Stealthily crawling out the door with the Glock in his hand, Leon made it across the sidewalk to the BMW.  On the floor in the front seat were some clips of ammo for the Glock which he put in his pocket.   He saw there were sharpshooters on the roofs along the street, but they had nothing to shoot at since the three gunmen were safely inside of the truck.  He waved at one of them and pointed to the panel truck toward which he was now sneaking up, having exited the BMW on the street side.  He rapped on its side and quickly, the door opened.  Whoever opened it probably thought it was his well-dressed accomplice.  Leon leapt into the front seat, gun in hand and pointing it at the surprised man, screamed “Freeze, Police!”   He watched him raise his weapon, about to fire, but before he could do so, Leon put a bullet between his eyes.  Hearing the commotion, the other two men momentarily stopped shooting at the police barricade to see what was going on.  This gave the SWAT team, which had been waiting in readiness, the opening they needed to enable them to storm the truck just as Leon was starting to take on the two remaining thugs. Within a minute, they had secured both of them and the million dollars worth of cocaine with which the panel truck was loaded.
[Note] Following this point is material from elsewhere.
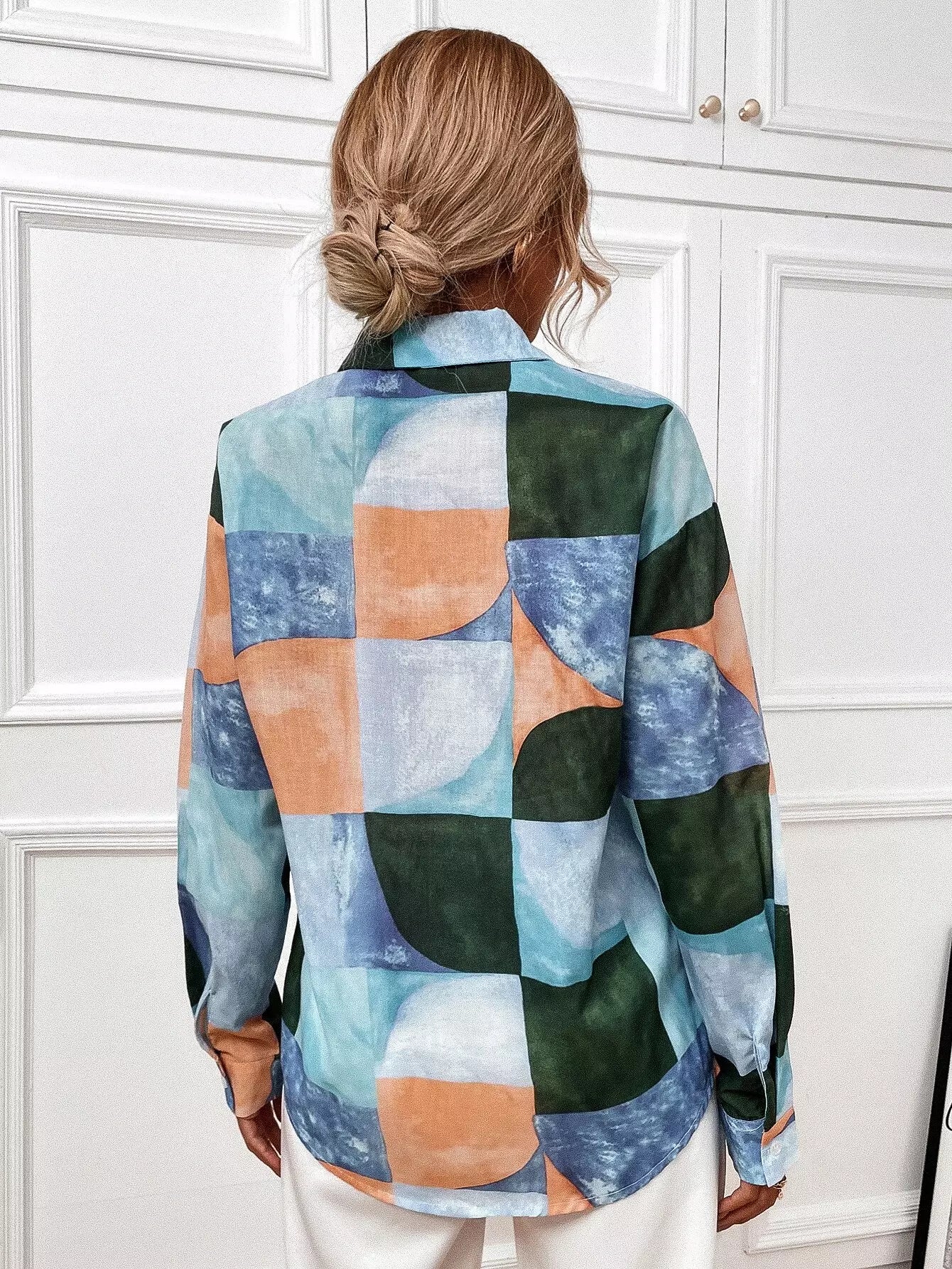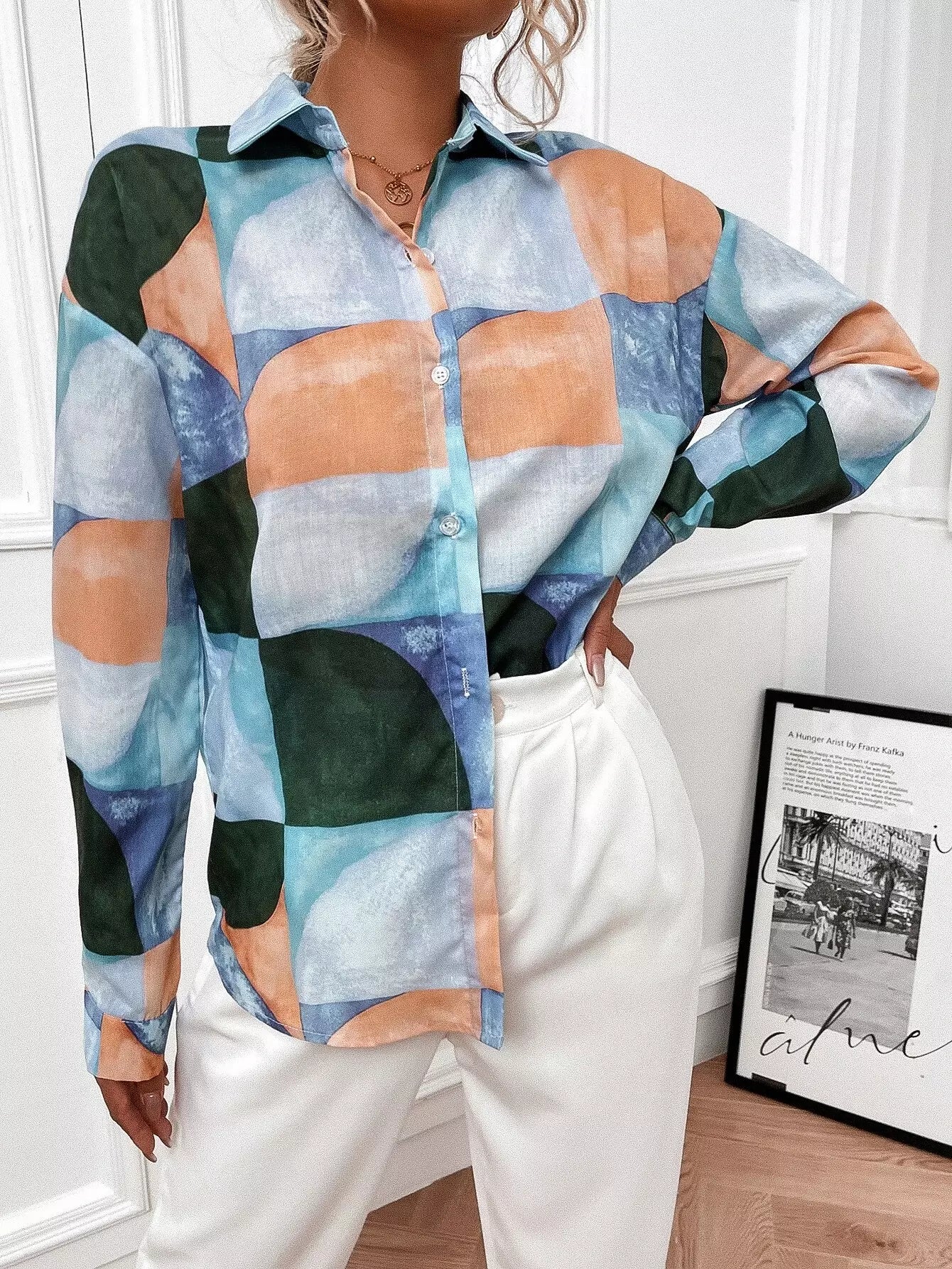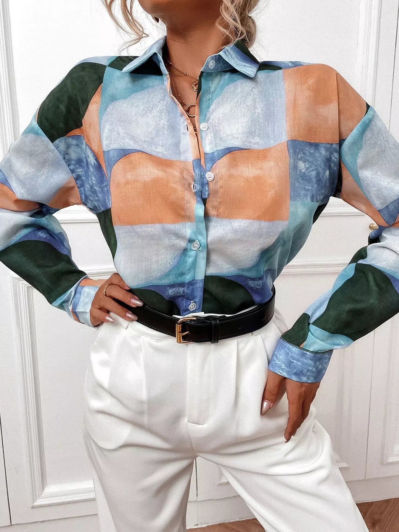 قميص بأزرار أمامية بأزرار منسدلة الكتفين ملون
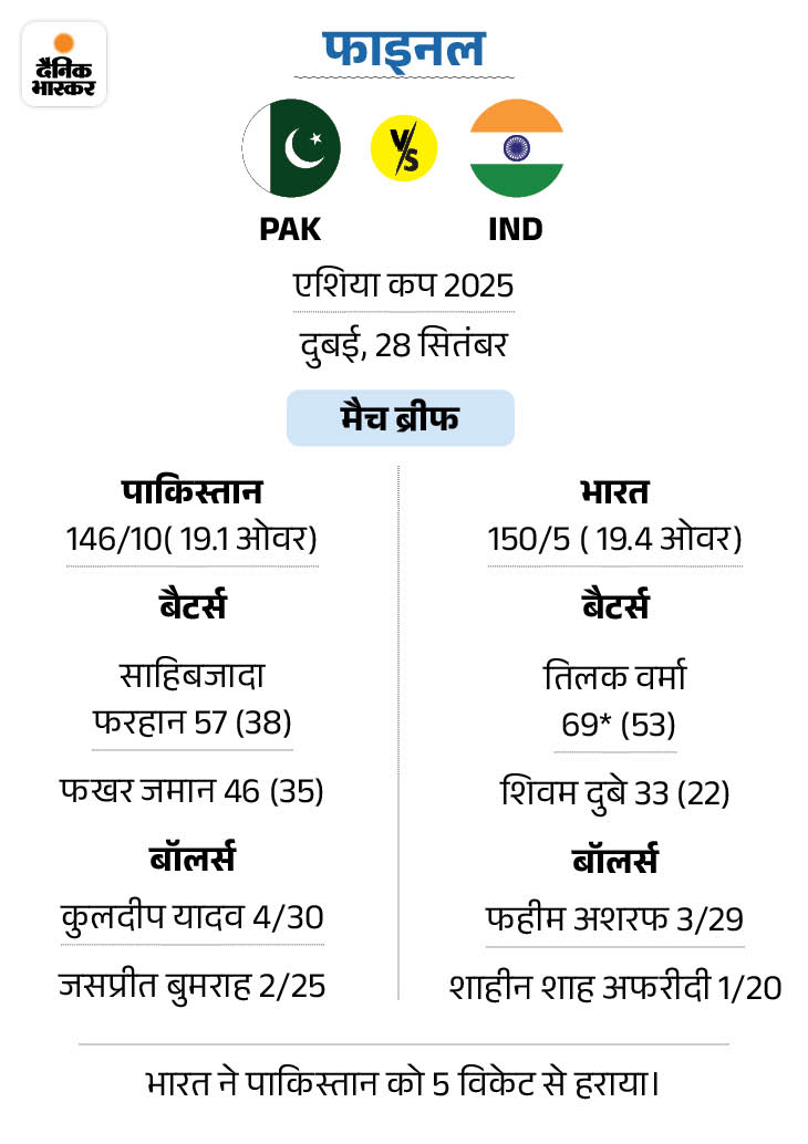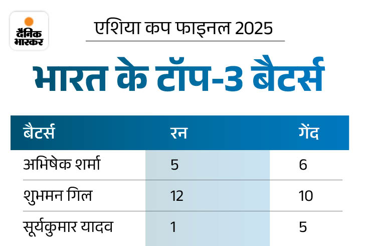 20 रन पर गिर गए थे 3 विकेट भारतीय टीम 147 रन के टारगेट का पीछा करते हुए 20 रन पर तीन विकेट गंवा चुकी थी। फाइनल से पहले हर मैच में धूम मचाने वाले अभिषेक शर्मा 5 रन बनाकर आउट हो गए। कप्तान सूर्यकुमार यादव 1 रन ही बना सके। शुभमन गिल भी 12 के आंकड़े से आगे नहीं बढ़े।

“Who the hell are you?” the police captain asked Leon after things had calmed down a bit. 

“I work for Prairie Security and I was in the store watching all of this come down.   I see you got the two guys I tied up in the store and let the others out of the back room.  I suppose the briefcase was filled with cash to pay for the drugs, right?”

“That’s about it, but we couldn’t have done it so neatly if it were’t for you.  You weren’t armed, were you?  Where did you learn your stuff.”

“I used to be a cop back in Uzbekistan, but I quit to come to this country.  I did this kind of thing all the time.  In fact you guys were lucky today.  If I was able to spot your stakeout, any decent criminal would have too, but these guys were stupid.”

“Or greedy,” added the police captain.  “Look, I got a couple of wounded men to take care of, but I will get back to you later, Leon,” he said looking at the security guard’s nameplate.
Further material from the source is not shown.